🤖 AI Summary
This study addresses a critical confound in interpreting superposition in neural representations: existing metrics misattribute activation overlap between homonyms—such as “bank” denoting either a financial institution or a riverside—to genuine concept compression, conflating lexical form with semantic distinction. Through a systematic 2×2 factorial design that disentangles lexical identity from semantic content, the work demonstrates for the first time that polysemy, rather than true superposition, is the primary driver of observed activation overlap. Experiments across models ranging from 110M to 70B parameters reveal that 18–36% of sparse autoencoder features conflate distinct word senses, predominantly within the top ≤1% most active dimensions. Removing this confound significantly improves word-sense disambiguation performance and enhances the selectivity of knowledge editing interventions (p=0.002).
📝 Abstract
If the same neuron activates for both "lender" and "riverside," standard metrics attribute the overlap to superposition--the neuron must be compressing two unrelated concepts. This work explores how much of the overlap is due a lexical confound: neurons fire for a shared word form (such as "bank") rather than for two compressed concepts.
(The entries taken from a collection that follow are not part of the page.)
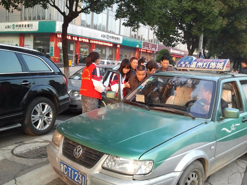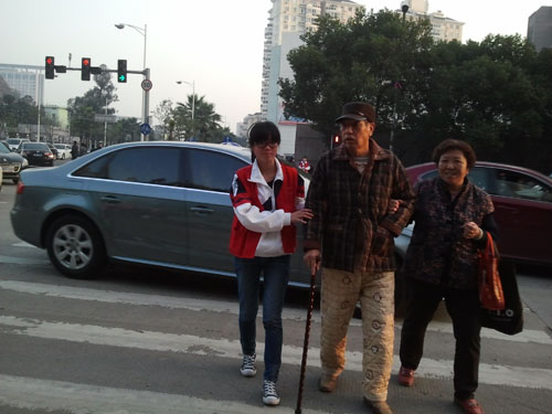 温州市中西医结合医院前的十字路口,车辆行人川流不息、络绎不绝,红绿灯交替闪烁,“人文义工队”队员们分成四个组站于四个路口,劝导驾驶员不违章停车,提醒预备闯红灯的行人稍等,待绿灯亮时再小心慢行。因为是医院附近,常有行动不便的病人或步履蹒跚的老人出现,而此时,“人文义工队”的队员们就会上前帮助他们过马路。到了下班、放学高峰期,马路显得更加热闹非凡。步伐匆匆的白领,行动迟缓的老人、青春活泼的学生在“人文义工队”的指挥下有序地过马路。身着红色志愿者马甲的“人文义工队”成为马路上一道别样的风景线。
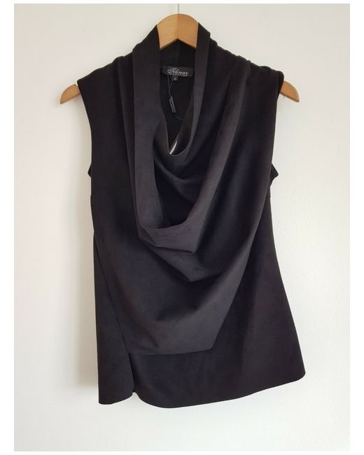 New Tilinaz Collection Black Sleeveless Jacket. With elegant sweep over front that can be worn open or closed, closeure by poppers. Size: Small. Please note product is without material composition or care lables. Condition is "New with tags".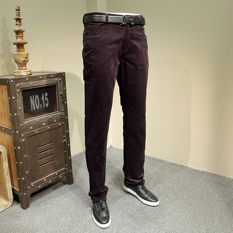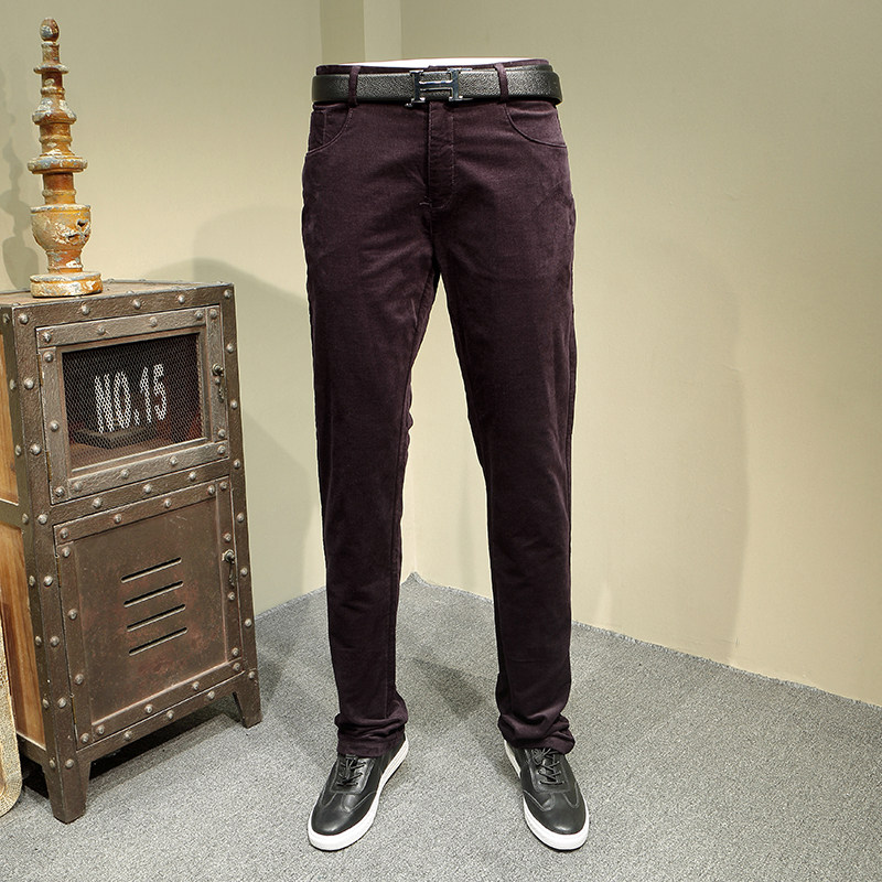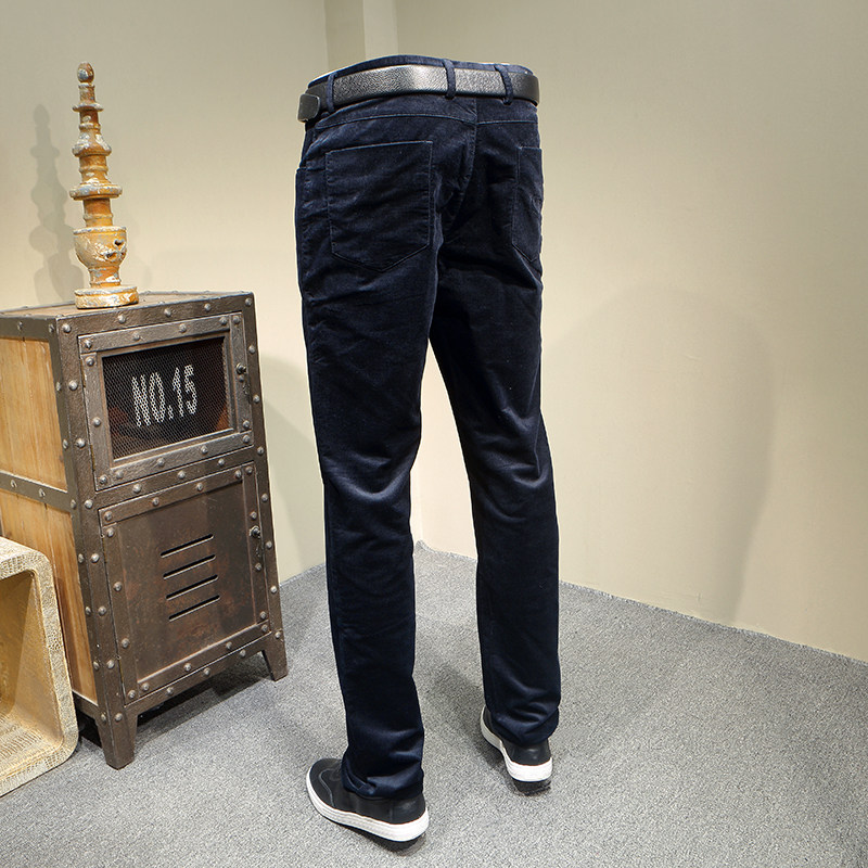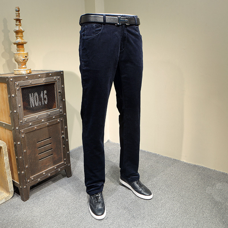 爱家剪标休闲裤男士秋冬平绒深色直筒中高腰微弹时尚休闲长裤6136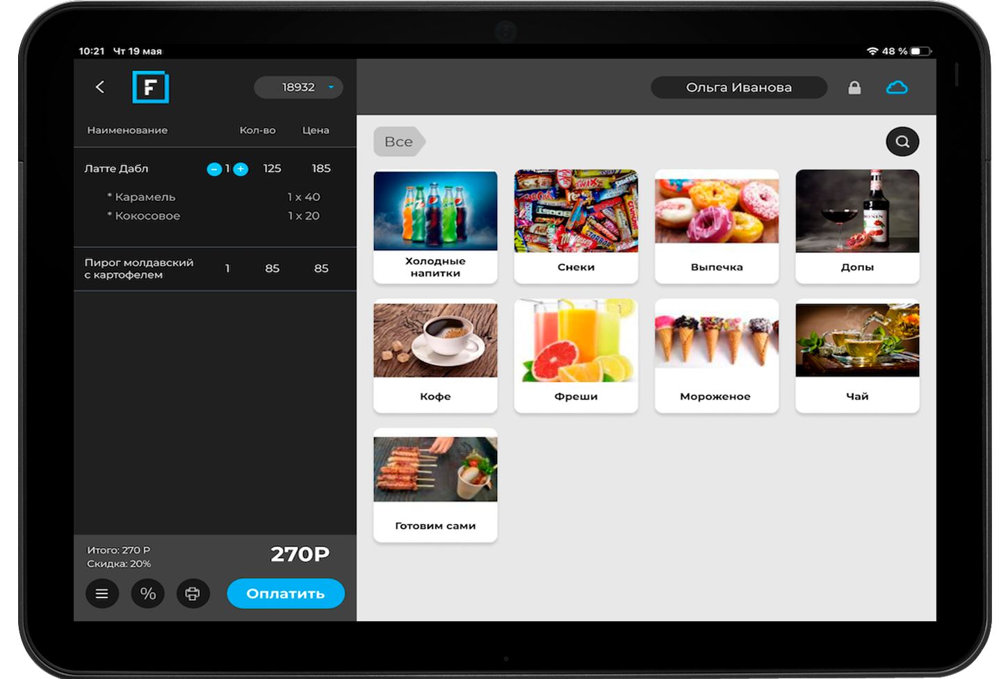 - Fusion POS — для ресторанов и кафе: терминал продаж, аналитика, складской учёт, система лояльности, доставка, учёт финансов.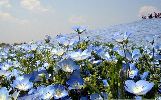 Công viên bờ biển Hitashi tọa lạc tại thành phố Hitachinaka quận Ibaraki, Nhật Bản được biết đến là một địa điểm du lịch Nhật Bản thần tiên với những thảm hoa đẹp dài ngút ngàn, cùng nhiều màu sắc sặc sỡ. Nhưng điều đặc biệt nhất vẫn là cánh đồng hoa xanh baby Blue eyes với màu sắc vô cùng đẹp mà lạ mắt và độc đáo khiến bất kỳ du khách nào cũng mơ ước một lần được ghé qua để chiêm ngưỡng. Hoa này thường nở vào thời điểm đất nước Nhật chuyển từ mùa xuân sang mùa hạ. Vào cuối tháng 4 đầu tháng 5 cũng chính là thời điểm lý tưởng nhất để ngắm nhìn những bông hoa nhuộm xanh cả cánh đồng Nhật Bản.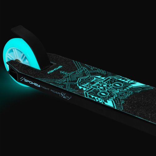 Freestyle koloběžka Spokey Night Rider je ideální volbou pro začínající a středně pokročilé jezdce. Vyznačuje se zesílenou konstrukcí a zároveň nízkou hmotností. Protiskluzová nášlapná deska s fosforeskujícím povrchem, který svítí ve tmě, zajišťuje nejen styl, ale i lepší viditelnost při jízdě.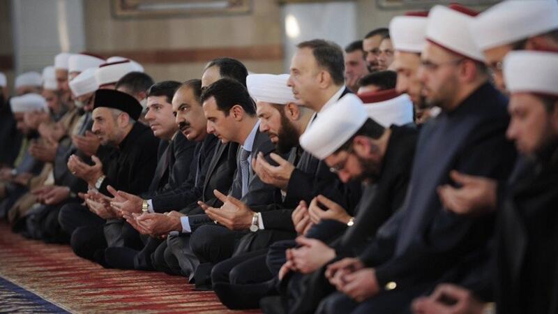 الأسد يحضر ذكرى المولد النبوي الشريف في احد مساجد دمشق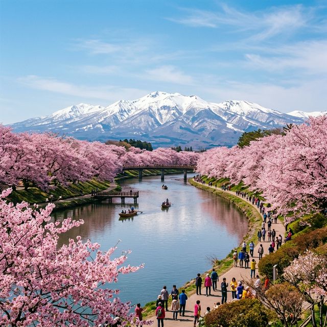 白石川の清流と、淡いピンク色の桜並木。そして蔵王の山々が織りなす「一目千本桜」は、一生に一度は見たい日本の絶景です。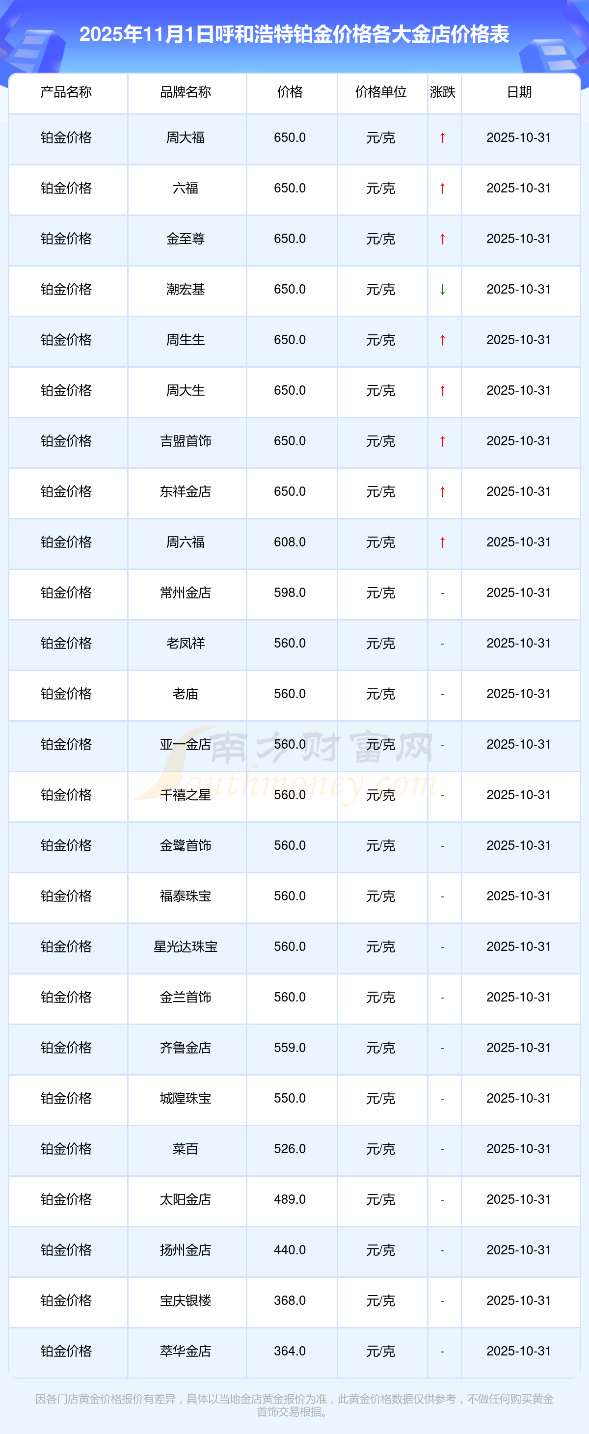 2025年11月1日,呼和浩特周大福、周大福、周大福、周大福、周大福、周大福、周大福、老凤祥、老凤祥、老凤祥、周六福等各大金店品牌铂金价格今日价格行情最新来了:周大福1198.0元/克、周大福650.0元/克、周大福1198.0元/克、周大福44660.0、周大福18640.0、周大福40080.0、周大福1058.0元/克、老凤祥1200.0元/克、老凤祥560.0元/克、老凤祥1200.0元/克、周六福1135.0元/克。

A 2x2 factorial decomposition reveals that the lexical-only condition (same word, different meaning) consistently exceeds the semantic-only condition (different word, same meaning) across models spanning 110M-70B parameters. The confound carries into sparse autoencoders (18-36% of features blend senses), sits in <=1% of activation dimensions, and hurts downstream tasks: filtering it out improves word sense disambiguation and makes knowledge edits more selective (p = 0.002).